А поскольку и на бирже и на скачках, где царствует вечное движение, принята доходящая до абсурда пунктуальность, когда дело касается уплаты сумм, которые ты неожиданно теряешь, то и надо было непременно где-то достать к следующему понедельнику тысячу семьсот девяносто пять фунтов.
Только из расположения к Джорджу, умевшему и выигрывать и проигрывать, а также из страха потерять выгодного клиента фирма букмекеров сквозь пальцы смотрела на то, что долг Джорджа в тысячу сорок пять фунтов не был уплачен до самых Эпсомских скачек.

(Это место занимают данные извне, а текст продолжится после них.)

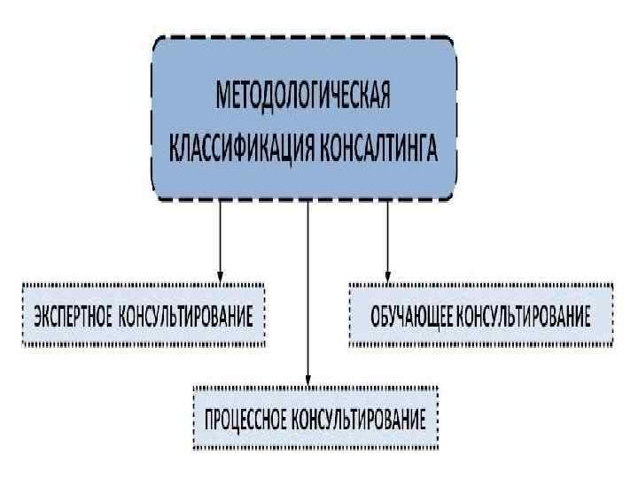 Классификация консалтинга: • • • по предмету: продуктовое, процессное, по масштабу: стратегическое, тактическое, оперативное, по численности консультантов, по масштабу клиента, по отношению консультанта к организации: внешние и внутренние, по применяемым методам: экспертное, процессное, обучающее, проектное, по основным целям: управление изменениями, антикризисное, антирисковая. . . , по отраслям клиента, по количеству объекту, по географическому расположению клиента, по степени радикальности: радикальное, улучшающее.
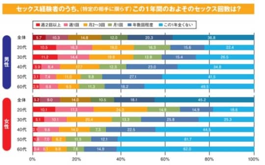 このデータによると1年間セックスを全くしてないや年に数回が男女とも約7割。女性に至っては1年セックスレスが6割越えとか。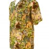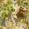 Short sleeved shirt featuring a striking montage of safari animals ranging from Lions, Zebras, Elephants, Rhinos, Tigers and Giraffes – and possibly more! The shirt has a lovely colourway of rich green, brown, taupe and black with white highlights.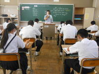 【朝の読書】本校の特色ある活動の一つに「朝の読書」があります。登校後の10分間、全員一斉に実施します。そして、年間1万ページ以上読んだ生徒には表彰しています。この取り組みの成果で国語の点数は常に県平均を上回っています。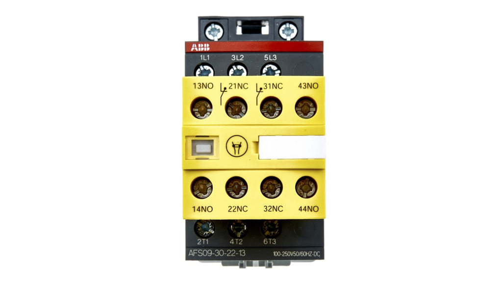 Contattore ABB Jokab, serie AFS, 3 poli, 3 NO, 25 A, 5,5 kW, bobina 100 a 250 V c.a./c.c., 4 contatti ausiliari (2NO + 2NC), montaggio su guida DIN, morsetti a vite, lunghezza 110,5 mm, temperatura operativa da -40 a +70 gradi, tensione nominale contatto 600 V c.a., frequenza massima 3600 cicli/ora, tensione di resistenza agli impulsi 6 kV. Codice costruttore 1SBL137082R1322 AFS09-30-22-13.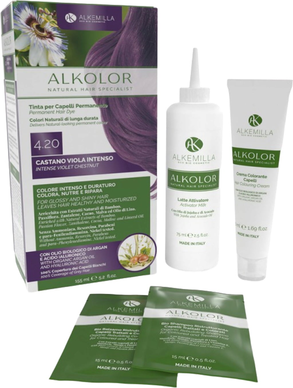 Alkolor 4.2 Intense Violet Chestnut Natural Hair Dye är en permanent hårfärg som är fri från ammoniak, resorcinol, parabener och parafenylendiamin. Den veganska kvalitetsformulan är nickeltestad och inte testad på djur. Ekologisk arganolja och linolja blandas med fuktgivande och remineraliserande växtextrakt som bambu, passionsblomma, kakao och malva för ett rikt färgresultat och intensiva reflektioner. Vitt hår får en perfekt täckning. Tack vare hyaluronsyra är håret väl omhändertaget, återfuktat och glansigt.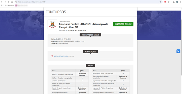 O edital completo pode ser acessado pelo site da Prefeitura de Carapicuíba, pelo link https://www.carapicuiba.sp.gov.br/contratacao/view/262/concurso-publico-edital-n-012026.

Что же он мог противопоставить этой цифре, в которую не входили еще жалованье тренеру и расходы, связанные с предстоящим процессом? О том, каковы они будут, он не имел ни малейшего представления. Во-первых, он может рассчитывать еще на двадцать фунтов кредита в его банке, затем Эмблер и еще две кобылы, за которых, правда, много не дадут; и, в-третьих (наиболее важный источник), сумма х, которую может… нет, обязательно выиграет сегодня Эмблер.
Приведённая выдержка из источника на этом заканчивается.